Translation Artifacts in Cross-lingual Transfer Learning
Mikel Artetxe, Gorka Labaka, Eneko Agirre
TL;DR
The paper investigates how translation-based data creation and translation artifacts affect cross-lingual transfer learning. By training models on Orig, BT, and MT variants and evaluating on original and translated test sets for NLI and QA, it reveals that artifact-driven changes—especially independent translation of premises and hypotheses—can substantially mislead performance, elevating Translate-Test and Zero-Shot results beyond what true cross-lingual generalization would suggest. The authors demonstrate that back-translation paraphrasing and machine translation of training data can close much of the Translate-Test gap, and they achieve state-of-the-art improvements on XNLI using a single MT system, while also showing QA effects are benchmark-dependent.

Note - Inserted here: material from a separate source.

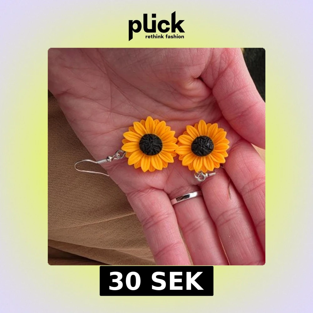 Charmiga örhängen formade som solrosor med gula kronblad och en svart mitt. Perfekta för att ge en färgglad touch till din outfit. De har en enkel krok för enkel användning.

They advocate rethinking evaluation protocols and benchmark design to account for translation artifacts and provide a Spanish-language NLI dataset to spur future cross-lingual analysis.
Abstract
Both human and machine translation play a central role in cross-lingual transfer learning: many multilingual datasets have been created through professional translation services, and using machine translation to translate either the test set or the training set is a widely used transfer technique. In this paper, we show that such translation process can introduce subtle artifacts that have a notable impact in existing cross-lingual models. For instance, in natural language inference, translating the premise and the hypothesis independently can reduce the lexical overlap between them, which current models are highly sensitive to. We show that some previous findings in cross-lingual transfer learning need to be reconsidered in the light of this phenomenon. Based on the gained insights, we also improve the state-of-the-art in XNLI for the translate-test and zero-shot approaches by 4.3 and 2.8 points, respectively.